The conflict between Israel and Hezbollah of July and August is in desperate need of interpretation. Never has an Israeli war ended so ambiguously. In the interest of clearing the fog, we offer the following tally, one which may allow us to reach provisional conclusions without waiting for the results of commissions of inquiry, the state comptroller, or the next round of elections. We begin with the bad news, and then move on to the good-which, we suggest, ultimately wins out.

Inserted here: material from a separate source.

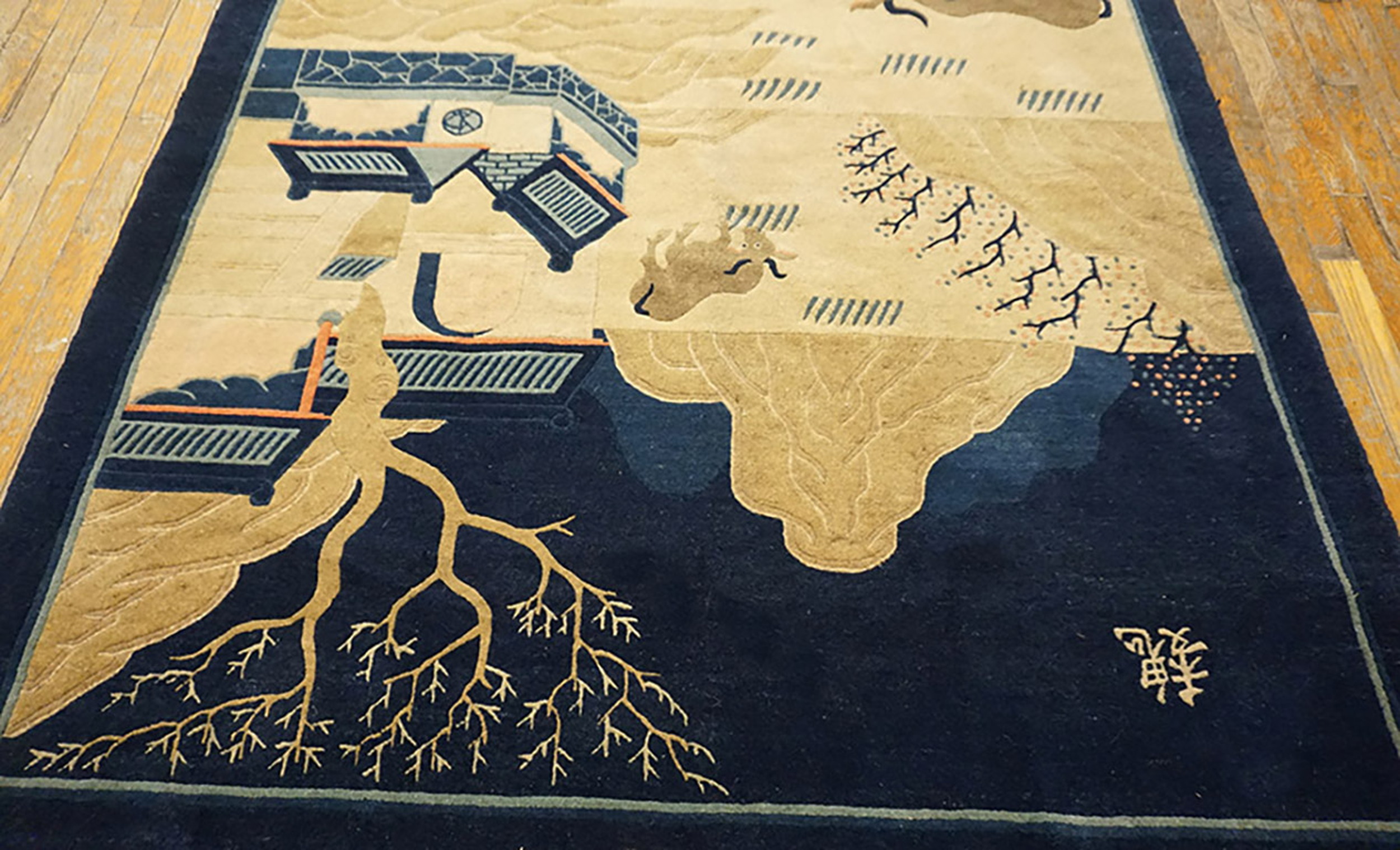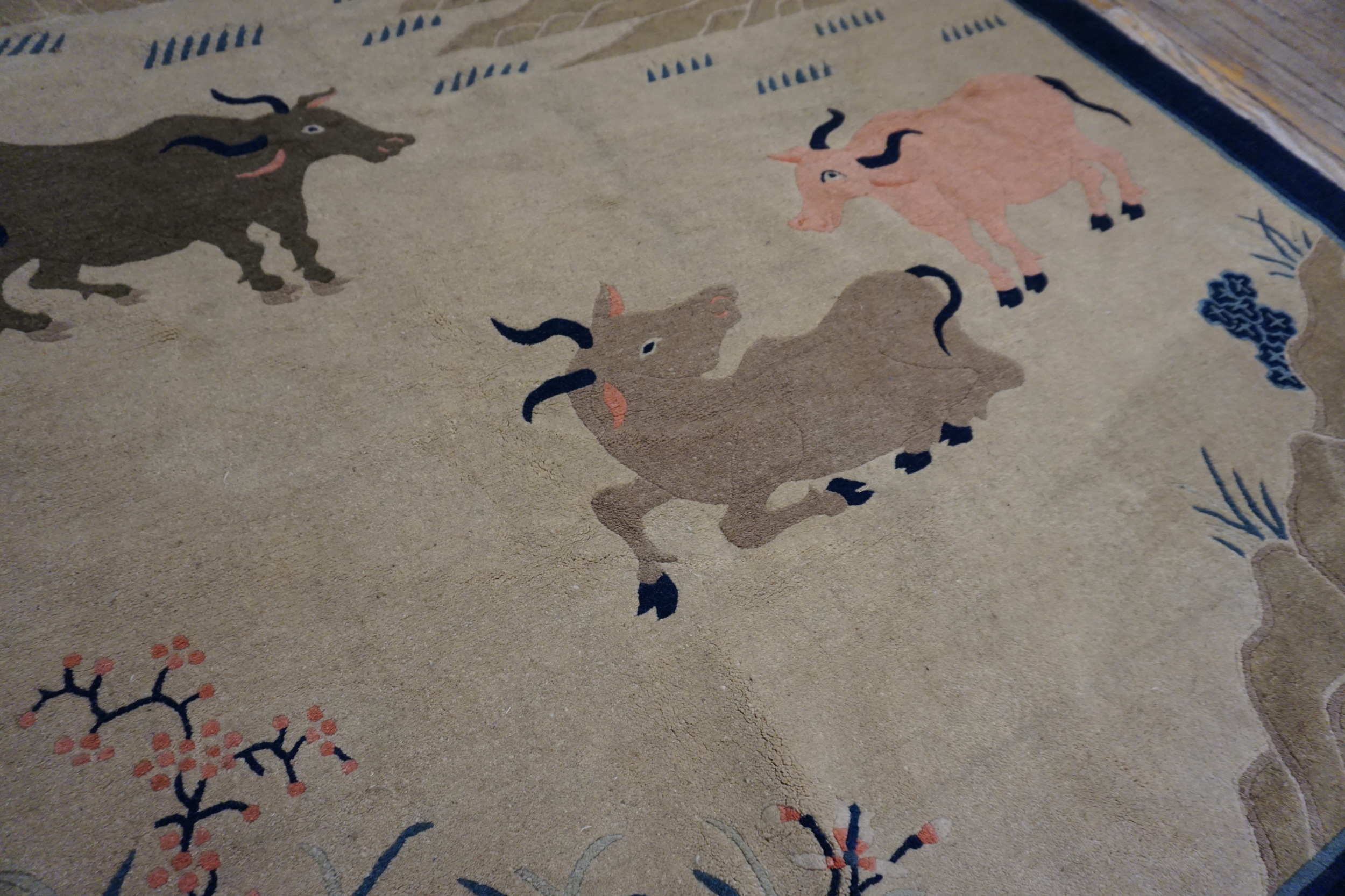 Dating to the 1900s, this rug exemplifies the high knot density and craftsmanship characteristic of the period, offering both durability and aesthetic refinement. It remains a superb example among antique rugs, embodying the elegant, narrative style prized by collectors of early 20th-century Chinese textiles.
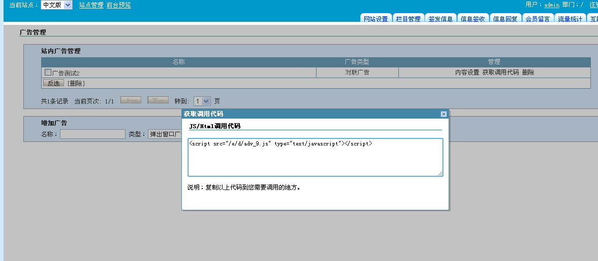 站内广告js代码不能自动生成

The bad news: 1. At the beginning of the campaign, Israeli leaders asserted, vocally and repeatedly, that the campaign would not end until all its objectives were achieved. To wit: (i) Israel would secure the release of the two kidnapped soldiers; (ii) Israel would expel Hezbollah from Lebanon (later, this promise was changed to “significantly disarm,” and then finally, to “move out of rocket range”); (iii) Israel would restore its military deterrent capability in the region, which has been substantially eroded over the last decade and more. Having roused among Israelis the conviction that the war would rightfully be Israel’s final confrontation with Hezbollah, the country’s leaders set them up for a grave disappointment: The terrorist army and its leadership were left unvanquished and none of the objectives declared so unequivocally at the beginning of the war were accomplished. The result has been a sense of having lost, of catastrophe reminiscent of the debacle of the opening days of the 1973 Yom Kippur War.
2. The much-touted UN Security Council resolution 1701 has, just weeks later, proven about as effective as previous resolutions calling for Hezbollah’s disarmament: The new, improved unifil force will be another symbolic gesture, and there is no reason to believe that the Lebanese army will either disarm the terror group or enforce an arms embargo against it. Hezbollah is rearming and regrouping as we speak. In his landmark essay in Foreign Affairs in 1999, Edward N. Luttwak noted the following about such resolutions:
Cease-fires and armistices have frequently been imposed under the aegis of the Security Council in order to halt fighting…. But a cease-fire tends to arrest war-induced exhaustion and lets belligerents reconstitute and rearm their forces. It intensifies and prolongs the struggle once the cease-fire ends-and it does usually end.
As the war progressed, Israel was depleting Hezbollah’s store of weapons and fighters at a rate significantly higher than the reverse. By bringing the war to a premature pause, it seems unlikely that a long-term good will have been achieved. If anything, the next round will be longer and more brutal because of it.